Just Plodding Along…

Well, I’m getting caught up on house work, and paperwork, and I’m actually making substantial progress on the Website Success seminar.  It is coming together easier than I imagined.  So most of my days are sitting in front of the computer, surfing the web for sites I like, plugging in data, using things like Webopedia as my technology dictionary.  I’m learning so much,  that’s never a bad thing.

BUT…

This seminar is costing me a little fortune…

So, picture this….  I’m sitting at the computer for 8 hours straight.  An email comes in, I hop over and answer it.  Especially when I get one granting me permission to use their website home page in my presentation.  And then I get a WEBS alert…

For those of you who don’t know WEBS, it is this wonder of a yarn store, near Amherst, MA, that carries tons of knitting yarns, and more importantly TONS of weaving yarns.  They give nice volume discounts, and I buy a lot of stuff from them.  Hence the “alerts”.  This is a lot like an Amazon.com alert.  “Since you bought this particular book, you might want to know about…”  OK, I’m a sucker for books.  And about 30% of the time, I just have to have the book they are steering me into…

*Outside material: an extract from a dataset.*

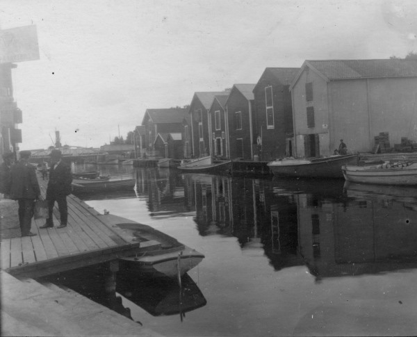 Bildtext: Anna Humbles gård i Åkre. Per Trolin, Marta Trolin, Erik Trolin. Enligt Lars Humble är det inte Anna Humbles hemgård. Det är Lars Nilsson med hustru Brita i mitten (kanske dotter Karin t v om Brita) på sin gård i Flatmo 3. Lars Nilsson var son till Nils Nilsson och Karin Persdotter i Åkre 2 (Ystegårn) och morbror till Anna Humble. Karin Persdotter var dotter till Per Jonsson i Oppigårn, Utnäs 1 och brorson till tidigare bonden Lars Jonsson i Ystegårn i Åkre. Trolins står till vänster.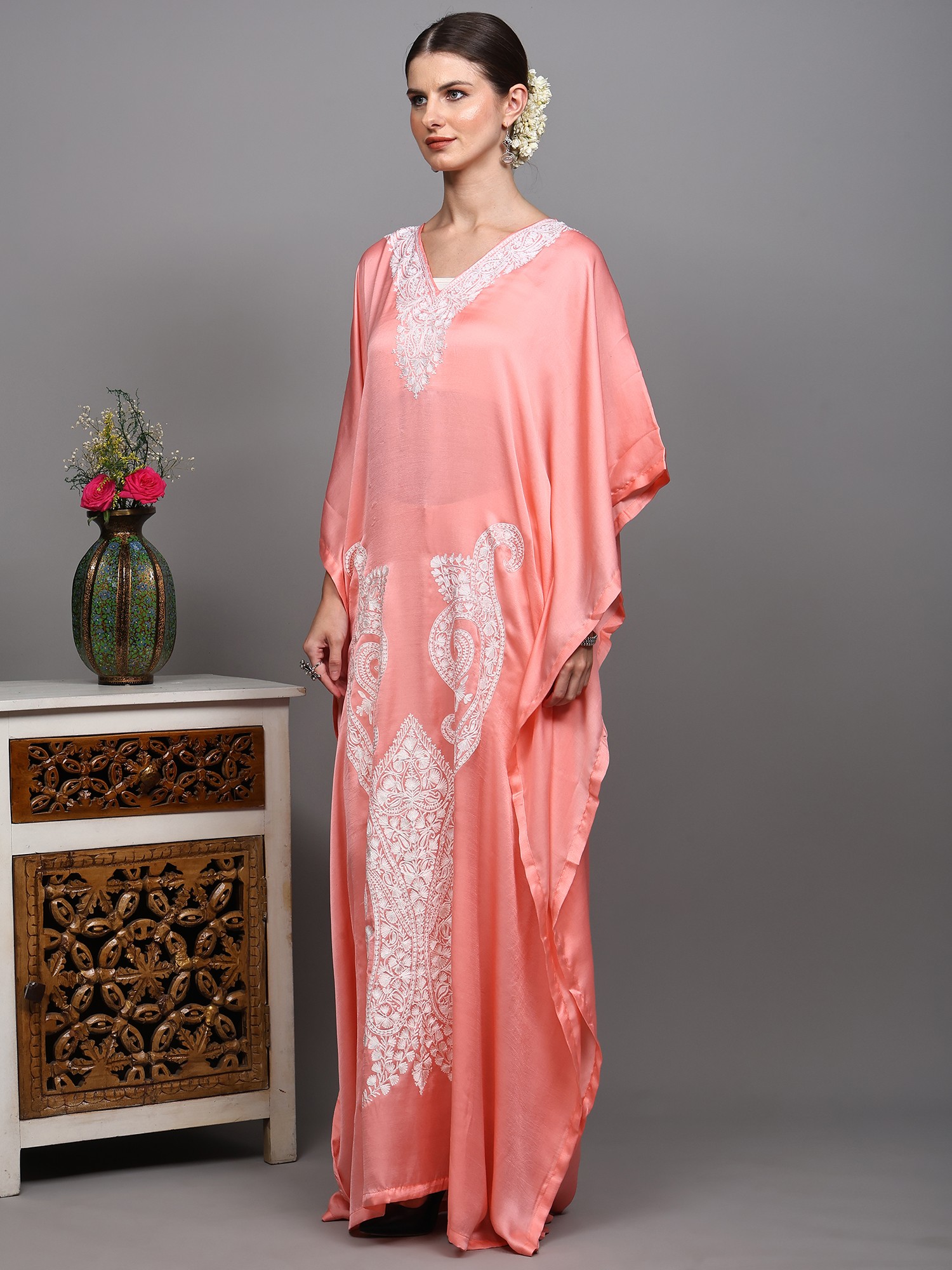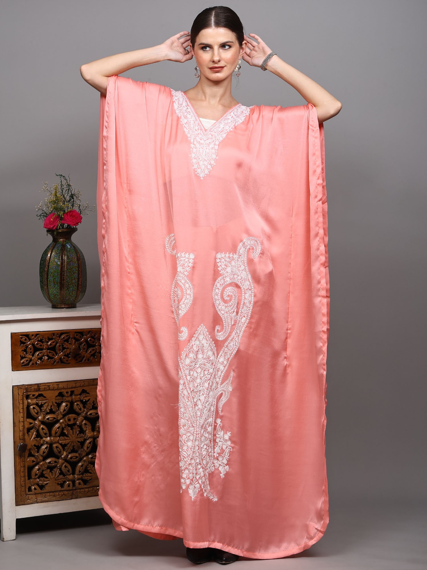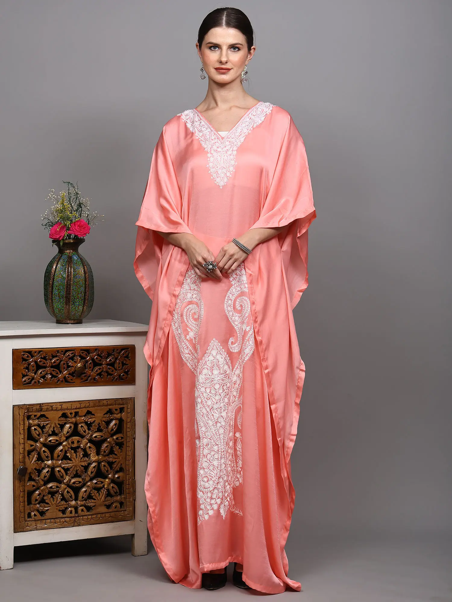 Satin Floor Length Stone work Kaftan with Printed Multicolor Motifs

WEBS is just as bad.  The WEBS alert comes into my inbox, appearing on the lower right corner of my screen, no matter what program I’m in, and I’m really torn…  Do I open it knowing full well I’m probably going to have to get out my credit card?  Or do I just hit delete…..

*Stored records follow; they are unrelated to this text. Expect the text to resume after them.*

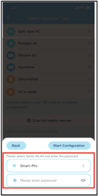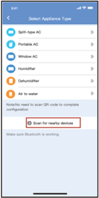 Se la configurazione della rete bluetooth è fallita, si prega di selezionare il tipo di apparecchio.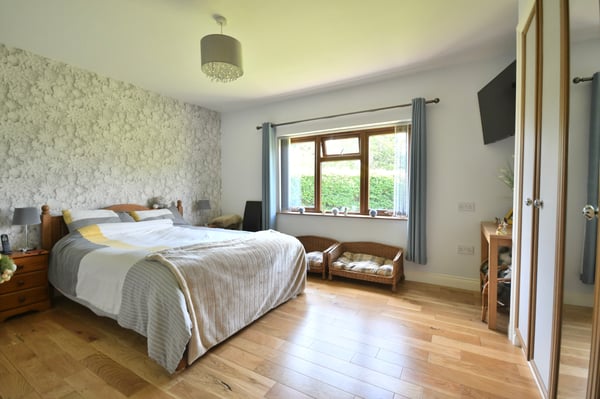 The 1/2 an acre of gardens are a feature that really sets this property apart from the rest. The private driveway leads to a shingled parking area providing ample parking. Leading from the kitchen and living room you will find a large patio area and the remaining garden wraps around the property, with mature trees and planted borders. There is also a partially separate garden accessed via a gate which is a substantial lawned area (140ft x 140ft estimated measurements) with mature fruit trees which has the potential for further development, subject to the necessary planning permissions.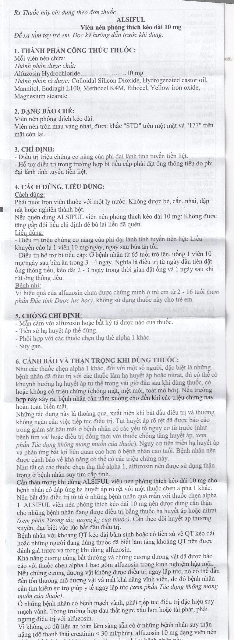 Trước khi sử dụng thuốc Alsiful S.r, bạn cần đọc kỹ hướng dẫn sử dụng và tham khảo thông tin bên dưới.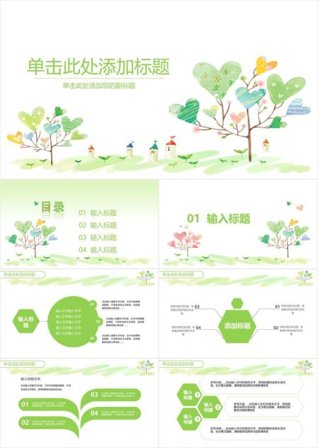 心形小树小清新PPT模板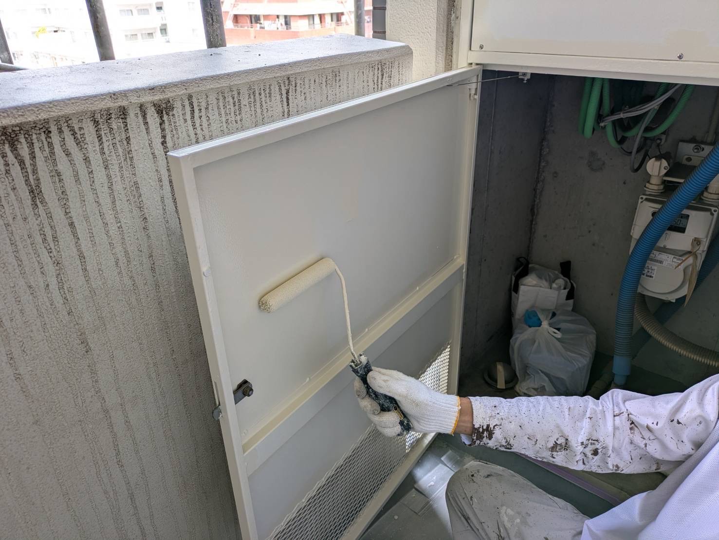 共用部の鉄部塗装は中塗り作業までをゴールデンウイークまでに完了を予定しております。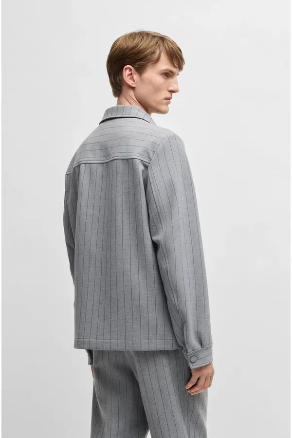 Una sobrecamisa BOSS Hombre moderna en tejido con raya diplomática. Este diseño relaxed fit se ha elaborado con elástico para resultar más cómodo y se completa con un logo caligrafiado.

OK, so I glanced at the subject line, BAD MISTAKE…  It said, “…great cone sale“.  That’s all I had to see, and I clicked on it.  So, $125. later, I am back to my website seminar…   It was really the rayon bouclé that did me in.  $15. for a two pound cone.  It is normally $16.95 a pound.  What else could I do?  And there was that cotton flake, in surprise colors (I love a surprise), you don’t get to pick, but it was $5. for a 2 pound cone…

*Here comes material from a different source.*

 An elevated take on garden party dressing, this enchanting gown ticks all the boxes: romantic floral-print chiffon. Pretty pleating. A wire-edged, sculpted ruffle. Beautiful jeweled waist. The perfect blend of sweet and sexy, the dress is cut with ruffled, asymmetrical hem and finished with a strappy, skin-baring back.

sandstone_layers_jacketSo I’ll get a nice surprise package in a few days…

Meanwhile, I get about an hour in the evenings to sew, which is a nice treat at the end of a long day of staring at a computer screen.  The Sandstone Layers jacket is moving along, it is hard to see much of a change from the last post I did of this jacket, but all the couching (with a rayon bouclé yarn) is finished around the collar, the fronts, and the hem.  And I have one pocket attached.  I’m really liking how this is coming out, at first I thought it was really busy and detailed,  but that’s actually appealing to me in a military sort of way, the belt is very cool, but I’ll know better when the big belt loops are on.  There is a two piece sleeve as well.  Lots of details left, the second pocket, handworked buttonholes, lots of big belt loops, and of course the sleeves.